### Dataset section:
....
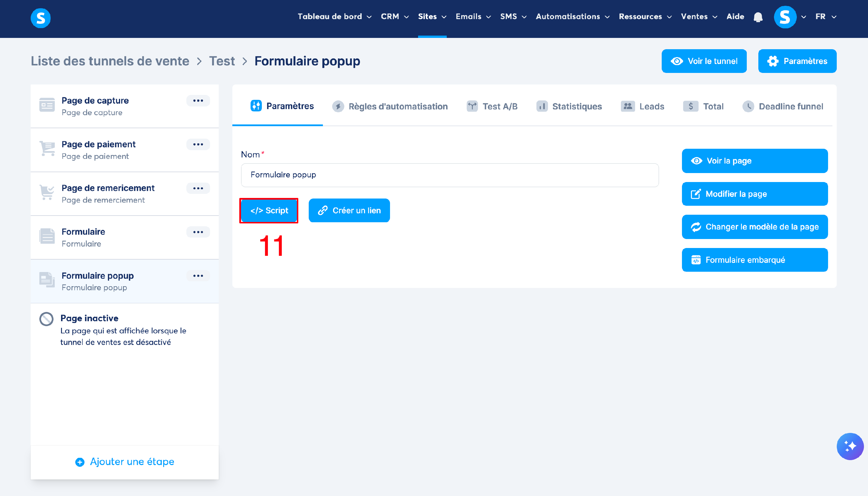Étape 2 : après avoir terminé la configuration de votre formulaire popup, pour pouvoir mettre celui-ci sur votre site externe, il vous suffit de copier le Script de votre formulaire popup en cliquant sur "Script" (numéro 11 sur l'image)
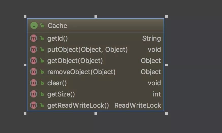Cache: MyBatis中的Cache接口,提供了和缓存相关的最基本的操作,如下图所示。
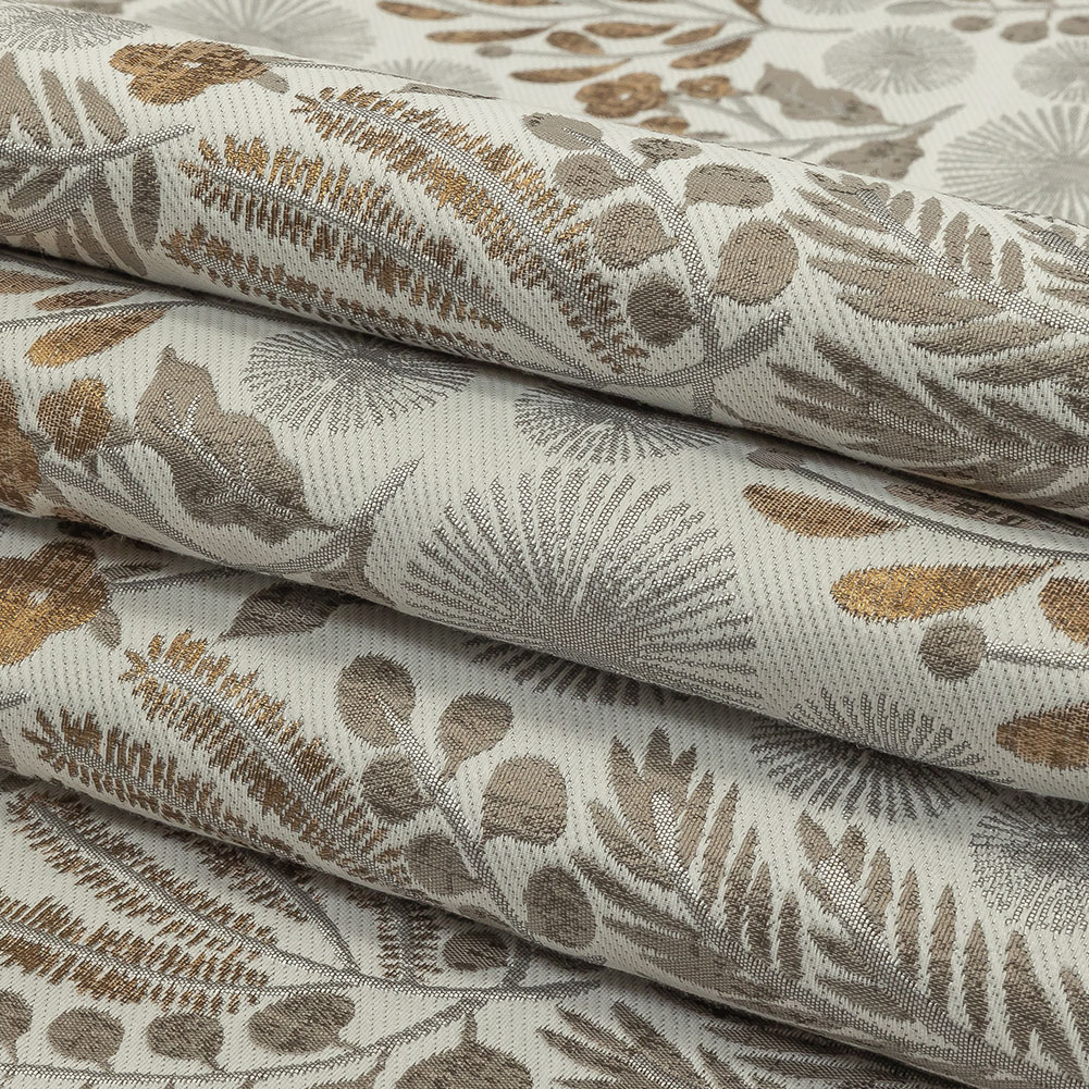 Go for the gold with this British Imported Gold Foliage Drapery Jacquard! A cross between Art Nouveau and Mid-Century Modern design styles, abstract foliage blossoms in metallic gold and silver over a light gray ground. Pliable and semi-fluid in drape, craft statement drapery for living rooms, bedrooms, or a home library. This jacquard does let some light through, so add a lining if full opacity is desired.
....
### Required action:
Reproduce the whole listing verbatim and keep all pictures out of it.

### Result for this task:
Étape 2 : après avoir terminé la configuration de votre formulaire popup, pour pouvoir mettre celui-ci sur votre site externe, il vous suffit de copier le Script de votre formulaire popup en cliquant sur "Script" (numéro 11 sur l'image)
Cache: MyBatis中的Cache接口,提供了和缓存相关的最基本的操作,如下图所示。
 Go for the gold with this British Imported Gold Foliage Drapery Jacquard! A cross between Art Nouveau and Mid-Century Modern design styles, abstract foliage blossoms in metallic gold and silver over a light gray ground. Pliable and semi-fluid in drape, craft statement drapery for living rooms, bedrooms, or a home library. This jacquard does let some light through, so add a lining if full opacity is desired.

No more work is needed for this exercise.